National Poetry Month: Day 7

Pieta by Michelangelo


My first major at BYU was Art History, and for that I had to take classes in either French, German, or Italian. I decided to take Italian and got through four semesters of it. We read this poem in my fourth semester class, and even years later I can still hear the way my instructor read it and her reverence for the words. The English translation does not quite caputure the feeling of the last line in Italian, because the phrase "a prender noi 'n croce le braccia", which can mean 'spreading his arms on the cross' or 'carrying us in his arms'. I thought this was a beautiful poem for today.

Rime 285 por Michelangelo Buonarroti

Giunto è già ’l corso della vita mia,
con tempestoso mar, per fragil barca,
al comun porto, ov’a render si varca
conto e ragion d’ogni opra trista e pia.
 

Onde l’affettüosa fantasia
che l’arte mi fece idol e monarca
conosco or ben com’era d’error carca
e quel c’a mal suo grado ogn’uom desia.


Gli amorosi pensier, già vani e lieti,
che fien or, s’a duo morte m’avvicino?
D’una so ’l certo, e l’altra mi minaccia.

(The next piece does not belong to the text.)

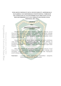 | Uncontrolled Keywords: | corporate social responsibility, kepemilikan manajerial, kepemilikan institusional, Nilai perusahaan. |

Né pinger né scolpir fie più che quieti
l’anima, volta a quell’amor divino
c’aperse, a prender noi, ’n croce le braccia.



Translation:

Now hath my life across a stormy sea
Like a frail bark reached that wide port where all
Are bidden, ere the final reckoning fall
Of good and evil for eternity.

Now know I well how that fond phantasy
Which made my soul the worshiper and thrall
Of earthly art, is vain; how criminal
Is that which all men seek unwillingly.

Those amorous thoughts which were so lightly dressed,
What are they when the double death is nigh?
The one I know for sure, the other dread.

Painting nor sculpture now can lull to rest
My soul that turns to His great love on high,
Whose arms to clasp us on the cross were spread.